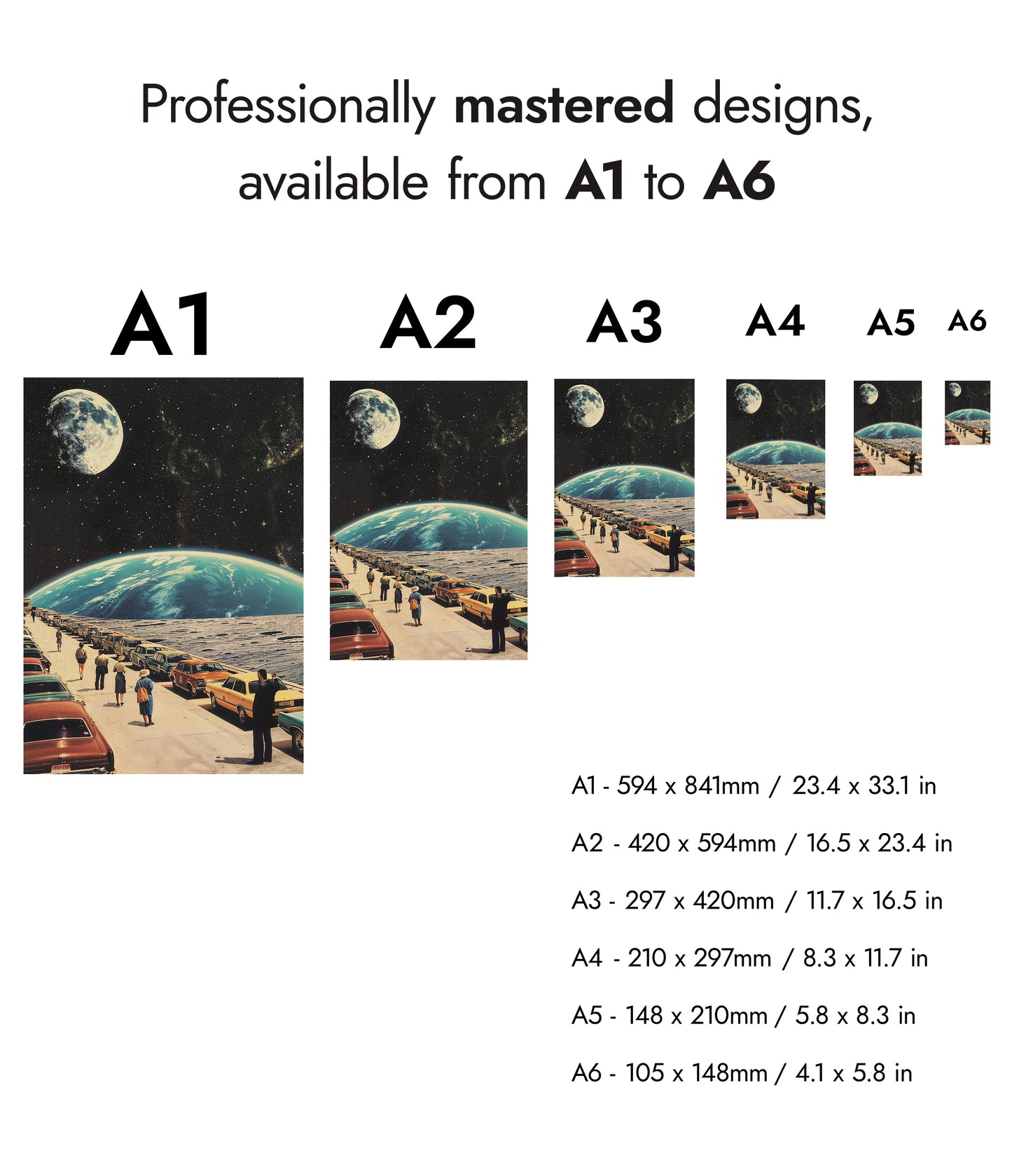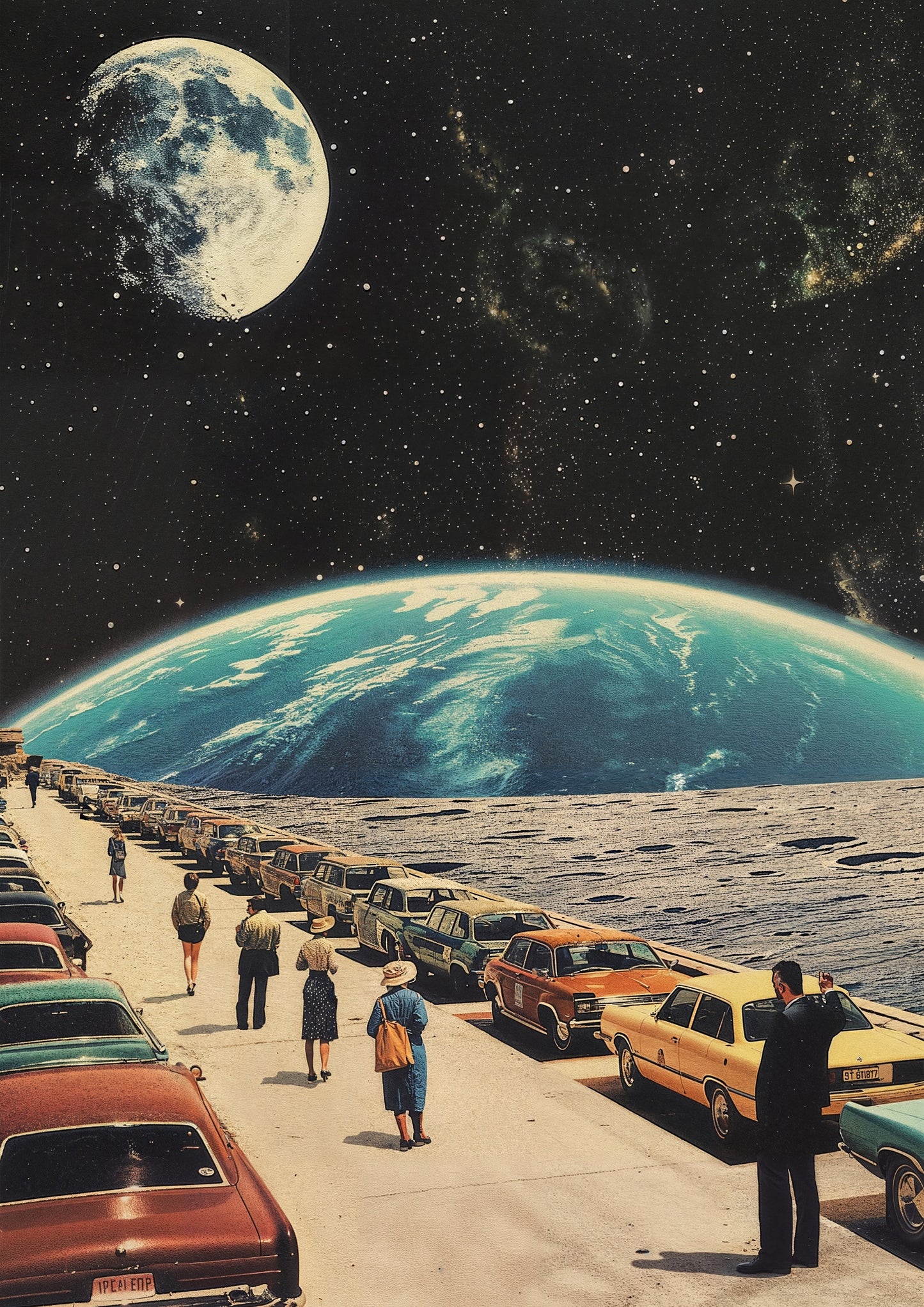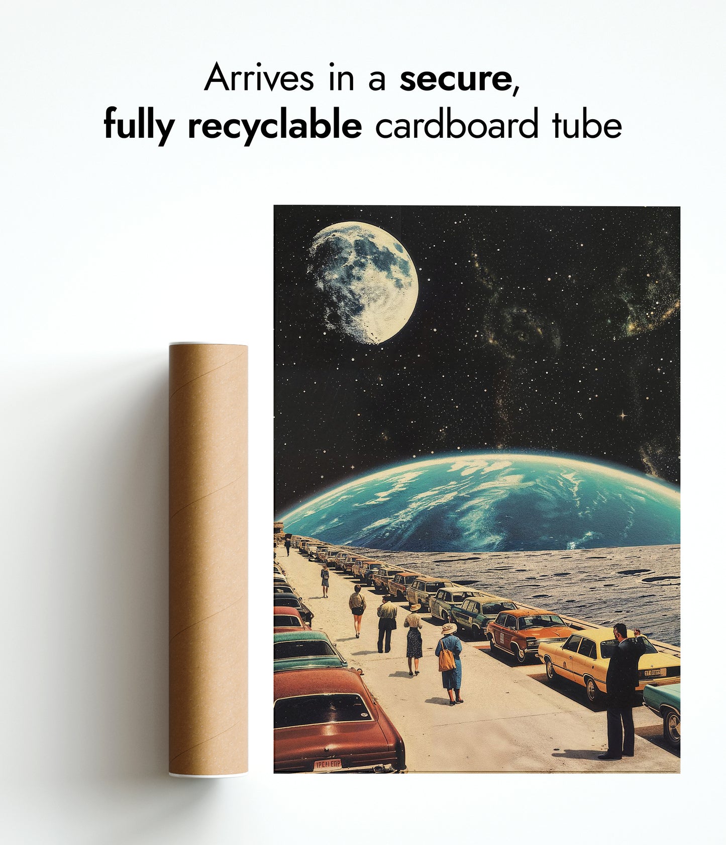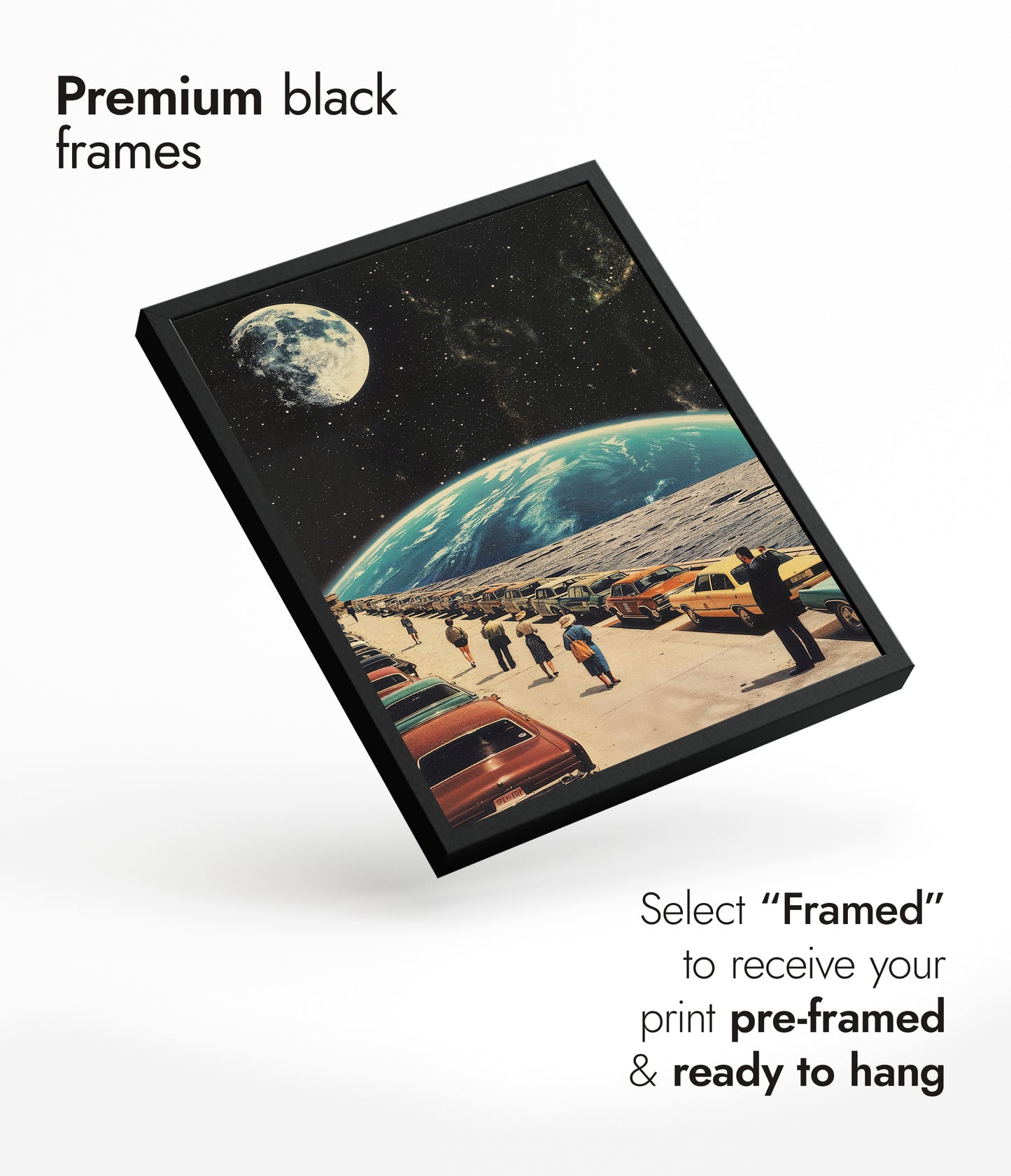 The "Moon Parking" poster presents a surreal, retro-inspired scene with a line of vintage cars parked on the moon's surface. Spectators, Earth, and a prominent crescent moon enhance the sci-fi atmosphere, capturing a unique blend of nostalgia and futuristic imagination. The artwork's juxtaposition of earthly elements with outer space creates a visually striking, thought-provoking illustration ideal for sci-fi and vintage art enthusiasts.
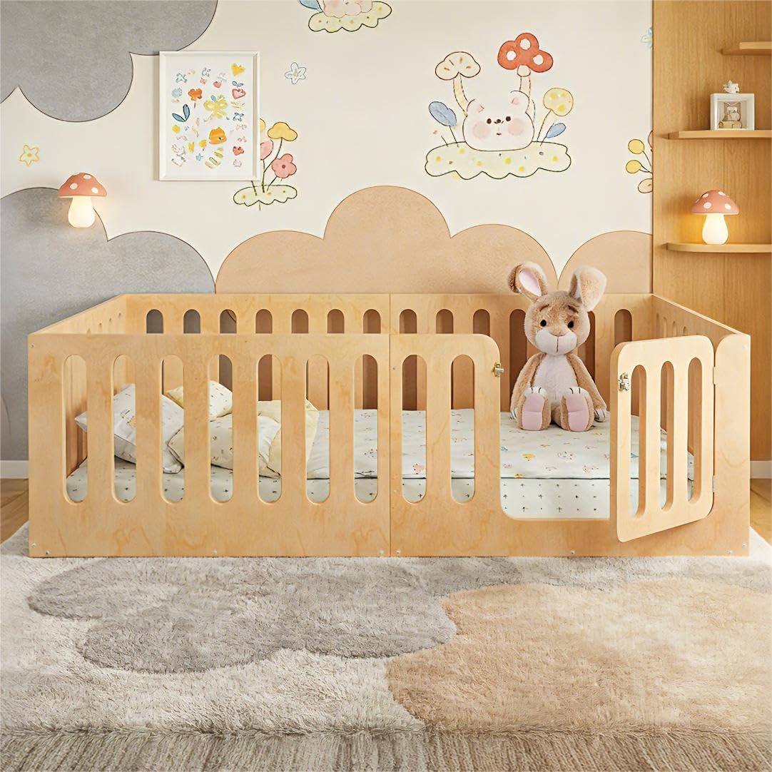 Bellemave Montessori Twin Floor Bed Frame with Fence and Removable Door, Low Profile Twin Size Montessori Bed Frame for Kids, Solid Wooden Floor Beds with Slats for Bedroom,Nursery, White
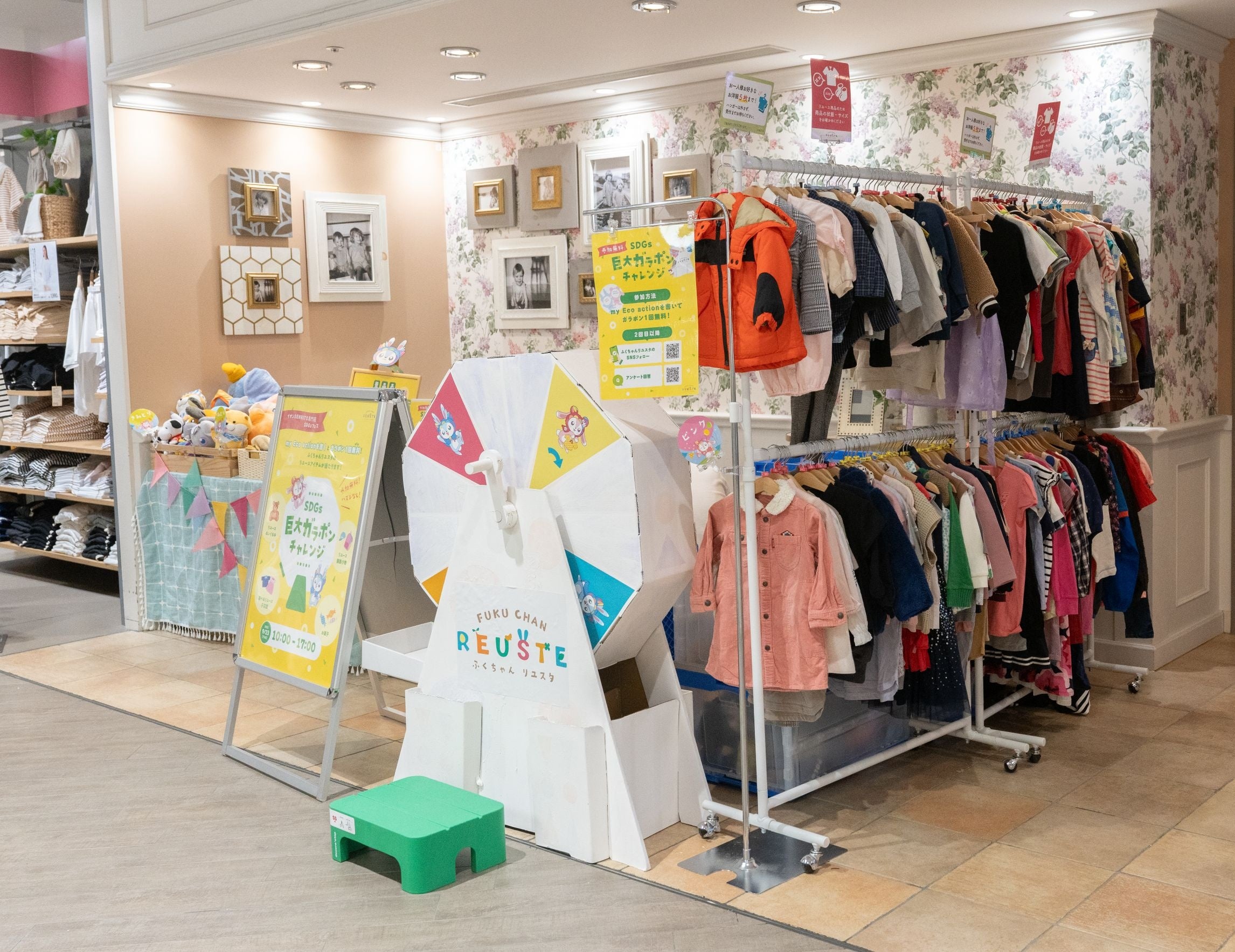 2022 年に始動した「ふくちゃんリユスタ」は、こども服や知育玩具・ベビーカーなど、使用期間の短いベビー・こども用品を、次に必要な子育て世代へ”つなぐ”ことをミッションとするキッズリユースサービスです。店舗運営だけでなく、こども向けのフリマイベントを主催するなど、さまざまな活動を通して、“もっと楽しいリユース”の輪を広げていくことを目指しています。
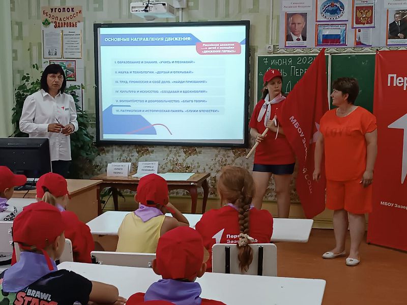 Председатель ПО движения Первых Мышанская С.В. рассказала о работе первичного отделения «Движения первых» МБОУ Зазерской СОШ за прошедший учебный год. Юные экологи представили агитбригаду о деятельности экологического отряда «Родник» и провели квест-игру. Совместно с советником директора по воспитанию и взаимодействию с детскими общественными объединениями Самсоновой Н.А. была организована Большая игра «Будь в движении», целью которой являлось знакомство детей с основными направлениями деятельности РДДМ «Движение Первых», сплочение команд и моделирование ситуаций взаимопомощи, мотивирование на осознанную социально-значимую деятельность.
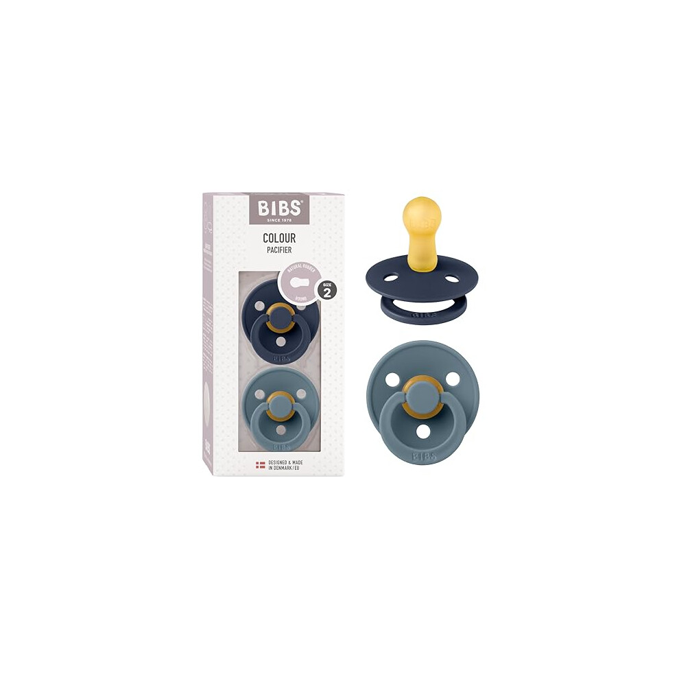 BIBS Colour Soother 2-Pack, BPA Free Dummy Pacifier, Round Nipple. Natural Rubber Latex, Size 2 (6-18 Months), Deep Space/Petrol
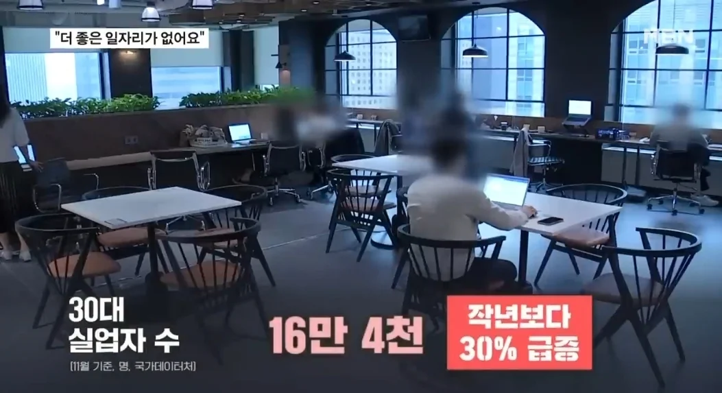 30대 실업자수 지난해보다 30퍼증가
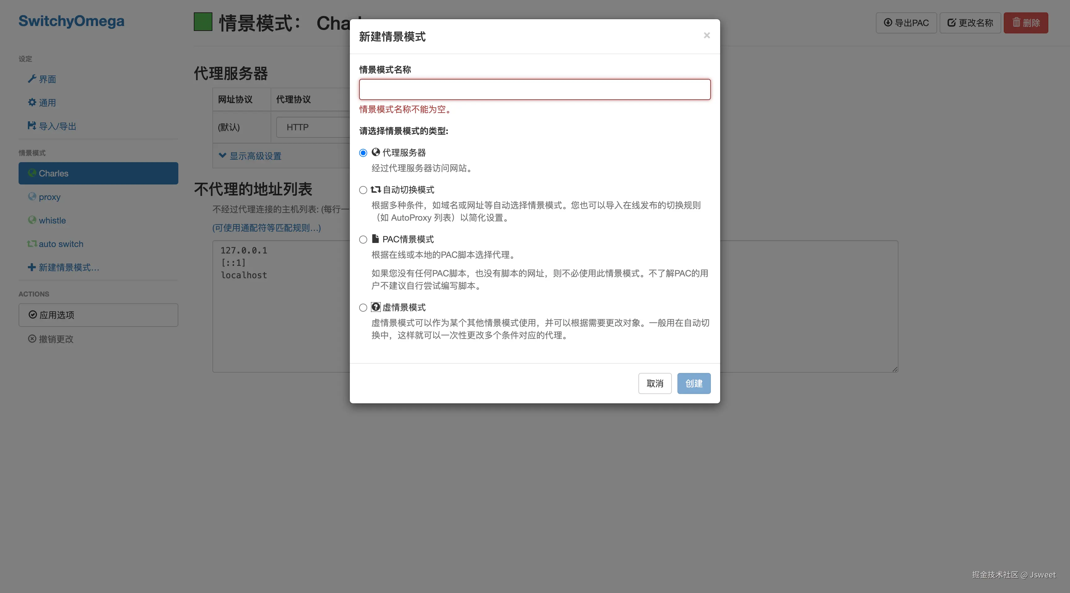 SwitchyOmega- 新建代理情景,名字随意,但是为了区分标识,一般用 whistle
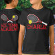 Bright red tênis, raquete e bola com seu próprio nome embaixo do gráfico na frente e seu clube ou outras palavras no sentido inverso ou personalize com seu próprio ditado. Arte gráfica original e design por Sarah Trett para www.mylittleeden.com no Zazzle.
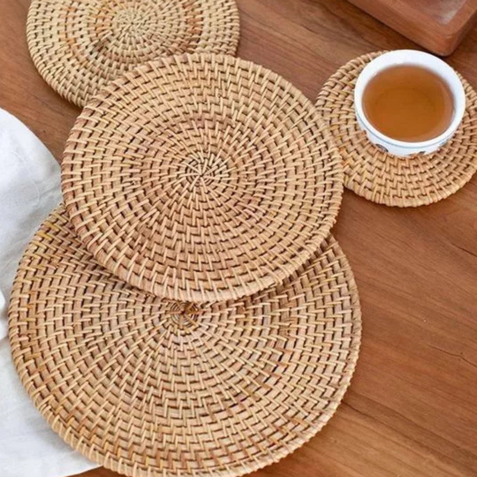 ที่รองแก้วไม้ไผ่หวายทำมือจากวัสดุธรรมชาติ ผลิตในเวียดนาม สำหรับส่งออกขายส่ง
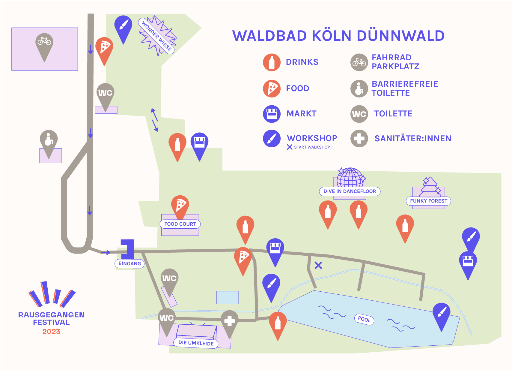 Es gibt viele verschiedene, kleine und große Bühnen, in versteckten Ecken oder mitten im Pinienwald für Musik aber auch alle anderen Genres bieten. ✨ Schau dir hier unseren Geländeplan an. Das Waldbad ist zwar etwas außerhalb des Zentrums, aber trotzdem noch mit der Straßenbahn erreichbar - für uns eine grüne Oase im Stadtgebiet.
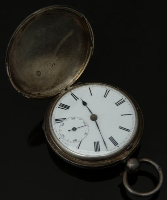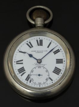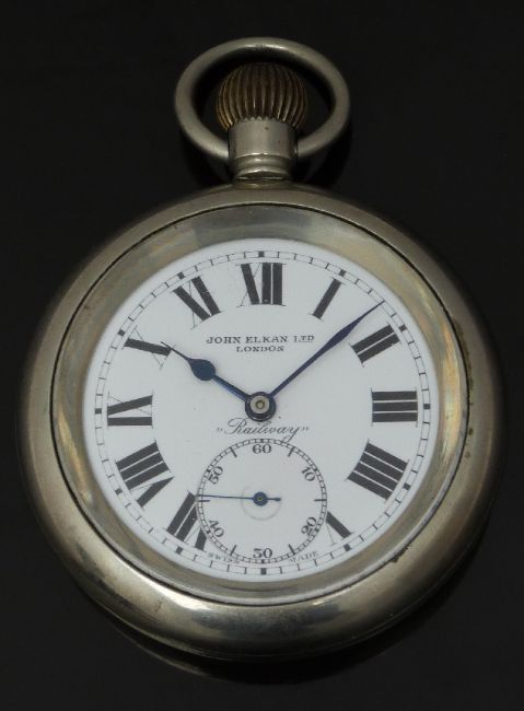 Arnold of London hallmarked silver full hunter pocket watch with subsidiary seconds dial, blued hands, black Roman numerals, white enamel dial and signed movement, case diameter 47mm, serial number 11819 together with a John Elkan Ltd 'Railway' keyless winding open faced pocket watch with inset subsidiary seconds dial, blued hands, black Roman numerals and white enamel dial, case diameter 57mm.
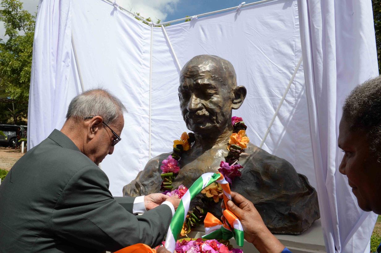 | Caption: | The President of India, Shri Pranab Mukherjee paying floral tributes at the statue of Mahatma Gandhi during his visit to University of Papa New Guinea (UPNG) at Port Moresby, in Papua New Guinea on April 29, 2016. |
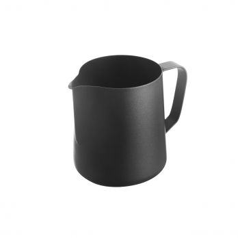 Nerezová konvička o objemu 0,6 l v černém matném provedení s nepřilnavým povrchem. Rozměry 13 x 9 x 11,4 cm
▬▬▬▬▬▬
- Aim of the task:
No pictures belong in the copy. Return exactly the lines from the line containing "BIBS Colour Soother" through the last line of the listing.

- Output below:
 BIBS Colour Soother 2-Pack, BPA Free Dummy Pacifier, Round Nipple. Natural Rubber Latex, Size 2 (6-18 Months), Deep Space/Petrol
 30대 실업자수 지난해보다 30퍼증가
 SwitchyOmega- 新建代理情景,名字随意,但是为了区分标识,一般用 whistle
 Bright red tênis, raquete e bola com seu próprio nome embaixo do gráfico na frente e seu clube ou outras palavras no sentido inverso ou personalize com seu próprio ditado. Arte gráfica original e design por Sarah Trett para www.mylittleeden.com no Zazzle.
 ที่รองแก้วไม้ไผ่หวายทำมือจากวัสดุธรรมชาติ ผลิตในเวียดนาม สำหรับส่งออกขายส่ง
 Es gibt viele verschiedene, kleine und große Bühnen, in versteckten Ecken oder mitten im Pinienwald für Musik aber auch alle anderen Genres bieten. ✨ Schau dir hier unseren Geländeplan an. Das Waldbad ist zwar etwas außerhalb des Zentrums, aber trotzdem noch mit der Straßenbahn erreichbar - für uns eine grüne Oase im Stadtgebiet.
 Arnold of London hallmarked silver full hunter pocket watch with subsidiary seconds dial, blued hands, black Roman numerals, white enamel dial and signed movement, case diameter 47mm, serial number 11819 together with a John Elkan Ltd 'Railway' keyless winding open faced pocket watch with inset subsidiary seconds dial, blued hands, black Roman numerals and white enamel dial, case diameter 57mm.
 | Caption: | The President of India, Shri Pranab Mukherjee paying floral tributes at the statue of Mahatma Gandhi during his visit to University of Papa New Guinea (UPNG) at Port Moresby, in Papua New Guinea on April 29, 2016. |
 Nerezová konvička o objemu 0,6 l v černém matném provedení s nepřilnavým povrchem. Rozměry 13 x 9 x 11,4 cm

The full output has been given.